Comparison of methods for estimating evapotranspiration rate of dry forest canopy: Eddy covariance, Bowen ratio energy balance, and Penman-Monteith equation

[1] A multiyear, multitechnique study was conducted to estimate latent heat flux within a temperate mixed forest of broad-leaved and coniferous trees of Changbai Mountains in northeastern China. Three different methods were used, including eddy covariance (EC), Bowen ratio energy balance (BREB), and Penman-Monteith (PM), during the growing seasons (May to September) of 2003–2005. BREB- and PM-based latent heat fluxes calculated with micrometeorological variables of different reference levels were analyzed and those of the topmost reference level were the most similar to the EC measurements. The latent heat fluxes (LE) estimated with the three methods showed similar diurnal and seasonal courses. The maximum of monthly averaged daily LE appeared in July and August. Although the three methods gave the roughly consistent result, dispersion among them still existed in the experiment.

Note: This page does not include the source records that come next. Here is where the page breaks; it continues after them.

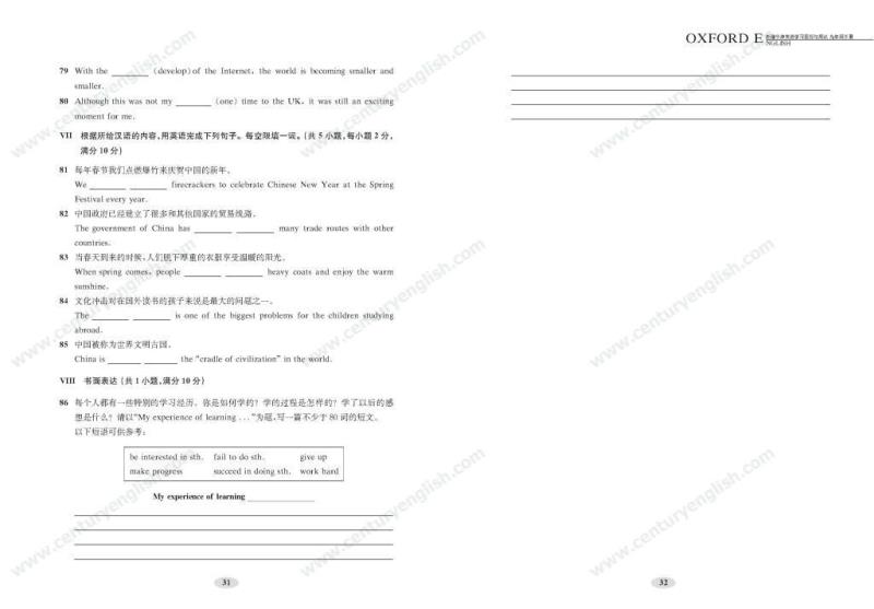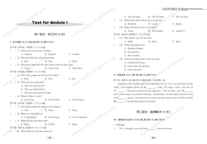 本套书配套《英语》(沪教牛津版)编写。讲解和试题均着眼于基础知识,落实交际能力,有利于学生巩固教材所学知识,提高听说读写能力。在“学习目标”板块罗列了各单元重点的词汇、短语、语言点和语法知识,方便学生掌握每单元的学习重点;各模块测试题和期中、期末试卷紧扣各地中考题型,能够切实帮助学生提高自身的英语水平和成绩。
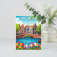 Eine wunderschöne Amsterdamer Postkarte mit den charakteristischen Kanalhäusern, Tulpen und Brücken der Stadt in einer bunten Vintagen Abbildung. Ein perfekter Sake für Reisende, Sammler oder alle, die den Charme der Niederlande Lieben.
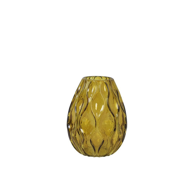 Ochre Yellow Tollin Glass Vase, 15cm Height, Round Shape
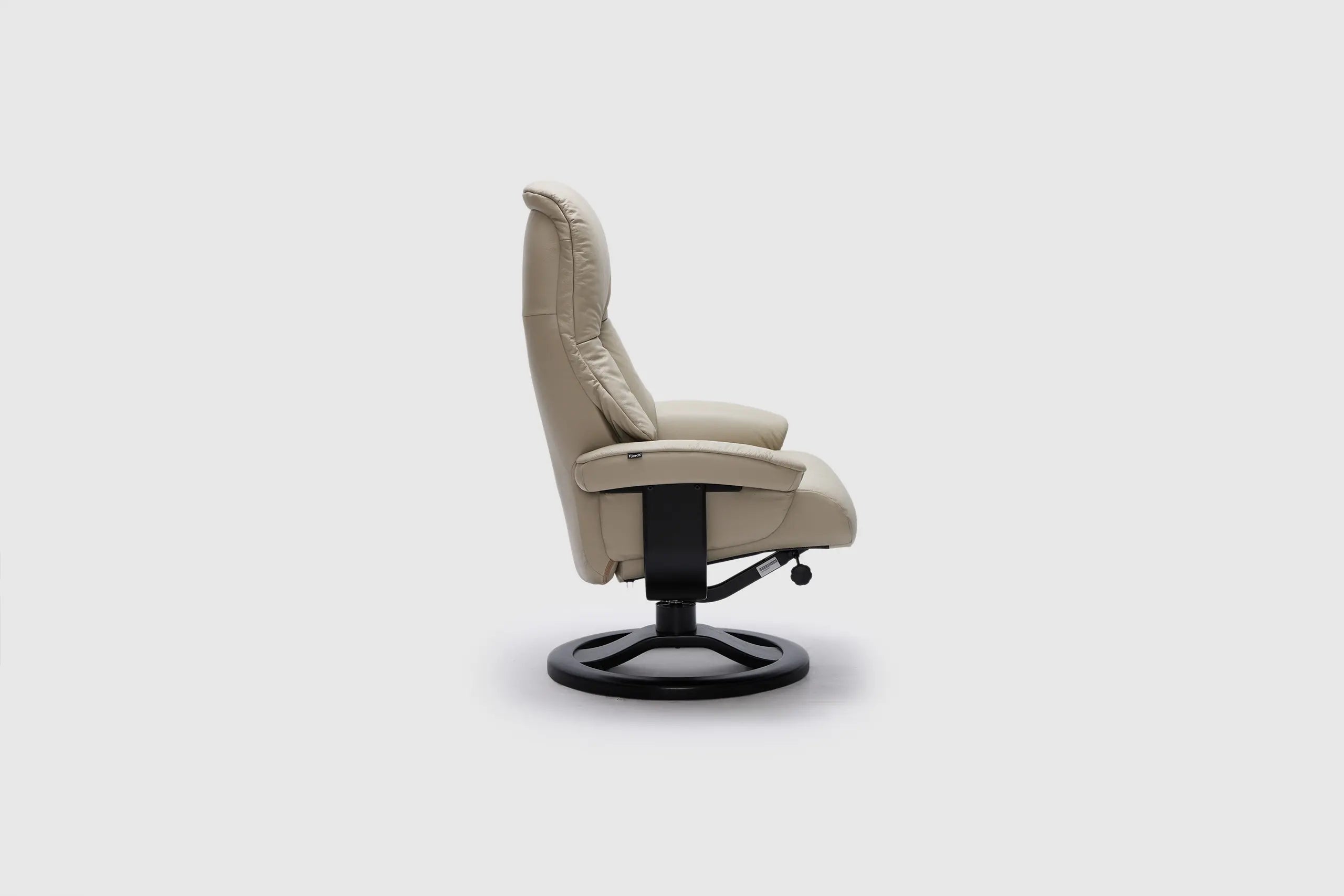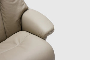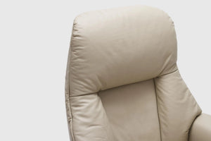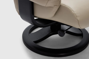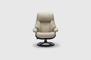 The Fjords Alfa recliner chair provides continuous support for your legs and back, with bases which have a 360° swivel. The base is produced in a stained laminate wood which gives it an elegant character. Available in all our leathers and select fabrics. the Alfa features a manual release adjustable headrest angle. The chair is available in two sizes, small and large.
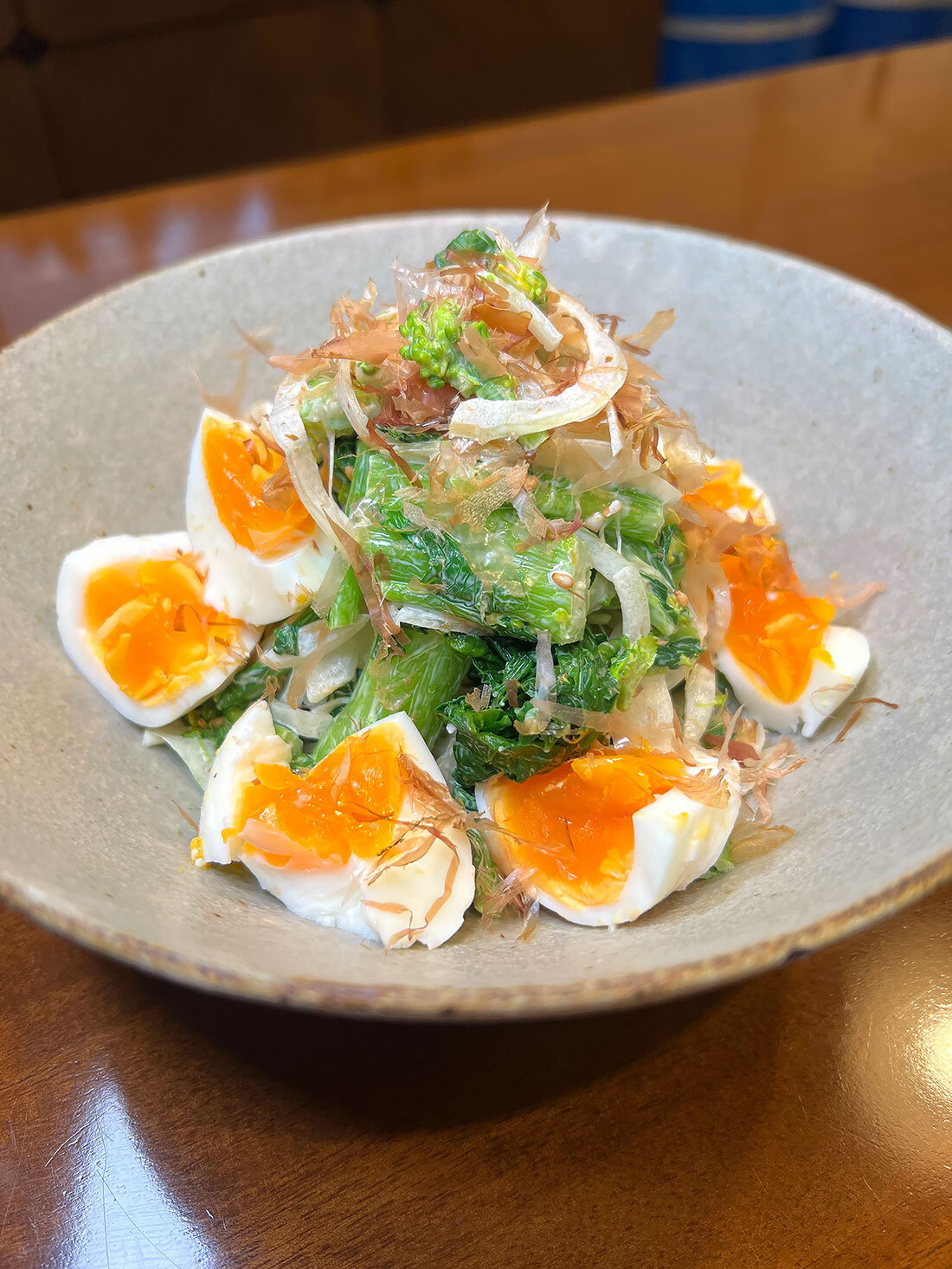 5)卵を盛り付け鰹節を振りかけて完成。
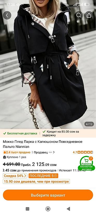 Женский плащ-тренч с капюшоном, цвет черный.Он маломерит . написано
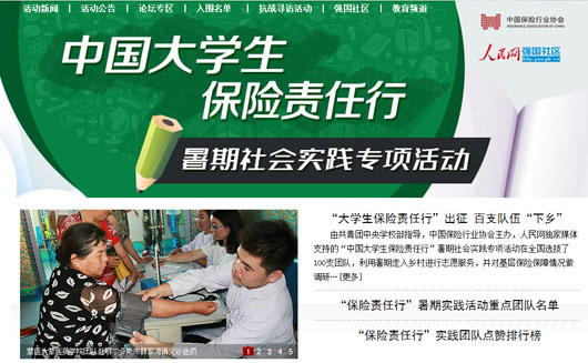 本次活動(dòng)從全國(guó)27個(gè)省市100多所高校選拔出100支入圍團(tuán)隊(duì),在暑期分別以支教、環(huán)保、醫(yī)療、調(diào)研等形式服務(wù)鄉(xiāng)村,提高當(dāng)?shù)鼐用癜踩庾R(shí),提升社會(huì)對(duì)安全教育問題的關(guān)注,同時(shí)開展調(diào)研,了解基層保險(xiǎn)保障相關(guān)情況。各團(tuán)隊(duì)實(shí)踐期間在人民網(wǎng)強(qiáng)國(guó)社區(qū)活動(dòng)專區(qū)實(shí)時(shí)播報(bào)實(shí)踐進(jìn)程,發(fā)回稿件數(shù)千篇。大學(xué)生們積極走入社會(huì)、服務(wù)基層的實(shí)際行動(dòng)贏得50萬網(wǎng)友為他們“點(diǎn)贊”。
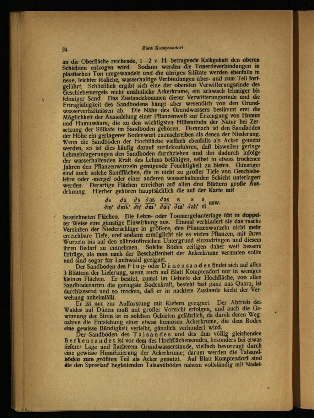 Der Sandboden des Talsandes und des ihm völlig gleichenden Beckensandes ist vor dem des Hochflächensandes, besonders bei etwas tieferer Lage und flacherem Grundwasserstande, vielfach bevorzugt durch eine gewisse Humifizierung der Ackerkrume; darum werden die Talsandböden zum größten Teil als Acker genutzt. Auf Blatt Komptendorf sind die den Spreelauf begleitenden Talsandböden nahezu vollständig mit Nadel
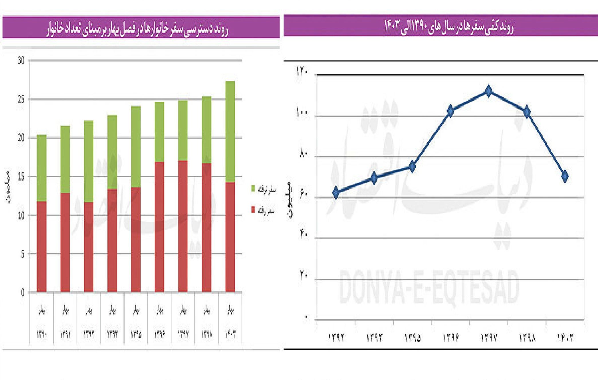 در سال ۱۴۰۳ «فقر سفر» روی قله قرار گرفت. در این سال ۴۸ درصد از خانوارهای ایرانی سفر نرفته و تنها ۵۲ درصد حداقل یک مسافرت داشتند. این در حالی است که این عدد در سال ۱۳۹۷ یعنی «سال طلایی سفر» به ۳۱ درصد برای سفر نرفتهها میرسید و در مقابل ۶۹ درصد حداقل یک مسافرت داشتند.
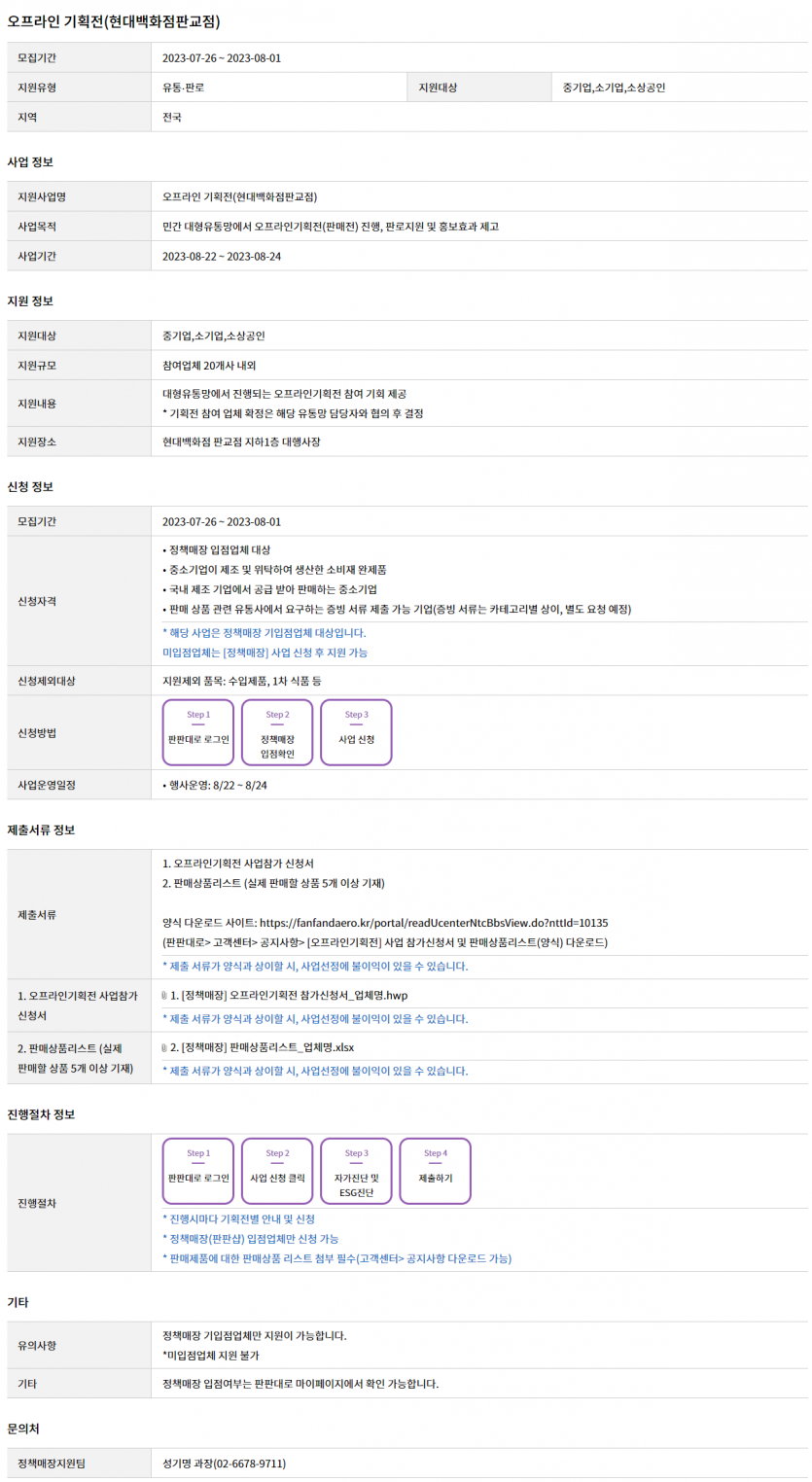 중기업, 소기업, 소상공인의 판로지원 및 홍보효과 제고 등을 위해 민간 대형유통망에서 진행되는 오프라인 기획전(판매전) 참여를 지원해 드리는 사업입니다.
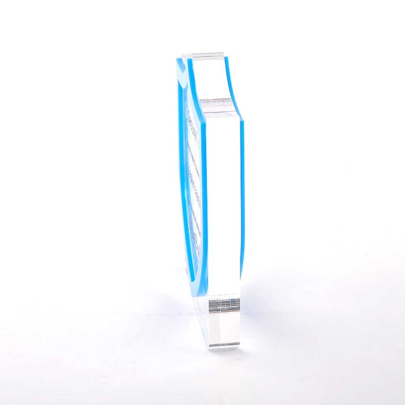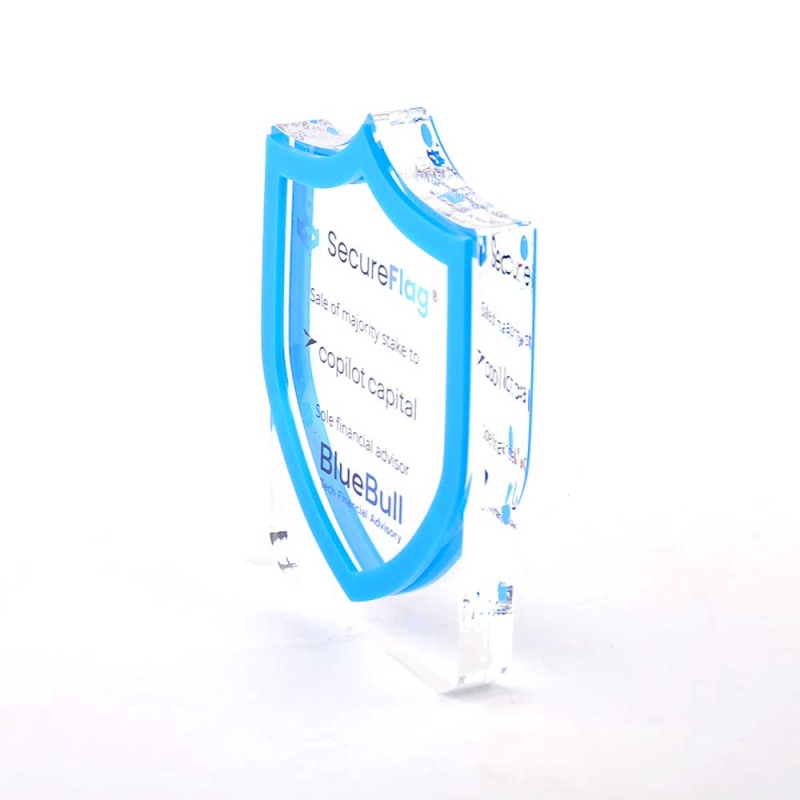 Blocs corporatifs avec cadre silhouettés au laser et fabriqués à la main avec des plaques de plexiglas transparent et bleu (Plexiglas®-PMMA). Impression numérique et encres ECO-UV de haute qualité pour les textes et les logos, grande netteté des couleurs et grande profondeur sur la face avant. Bords lisses, polis, incolores et très brillants grâce à nos procédés de fabrication soignés.
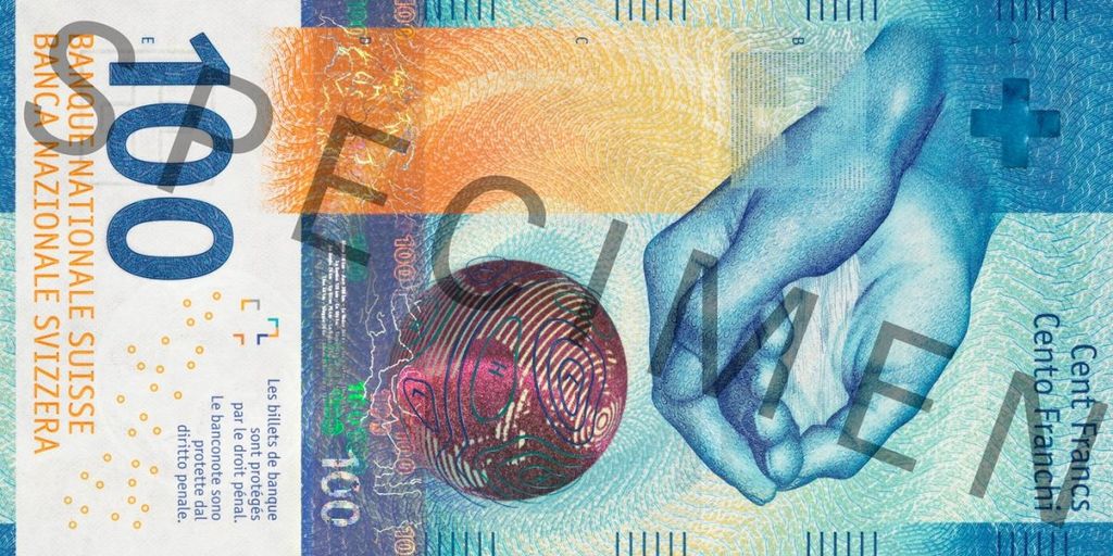 Ognuno dei sei biglietti (10 – 20 – 50 – 100 – 200 – 1000) presenta un aspetto tipico della Svizzera. La banconota da 100 franchi mostra la tradizione umanitaria della Svizzera, rappresentata graficamente mediante l’acqua. Analogamente agli altri tagli della nuova serie, anche su questo biglietto la mano e il globo figurano fra i motivi marcanti.
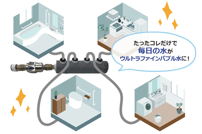 エルラインシステムUFB⁺はシャワーヘッドだけではなく家じゅうにウルトラファインバブル水を供給することができる商品です。
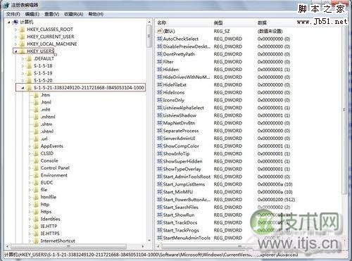 打开注册表之后,找到找到“HKEY_USERS”项,云服务器展开,找到“S-1-5-21-1229272821-515967899-68200330-1000”(此项不同的电脑可能键名不一样)点击展开。 如图 8所示。

PM method usually gave the highest latent heat flux among the three methods. Sum of the half-hourly values from BREB and PM methods of the three growing seasons took 81.2% and 131% of that from EC measurement. The discrepancy between BREB estimates, as well as PM estimates, and EC measurements was analyzed with regard to vapor pressure deficit. Several reasons leading to the uncertainty of BREB and PM methods were discussed, including the assumptions in the two methods, source area and the influence of environmental factors.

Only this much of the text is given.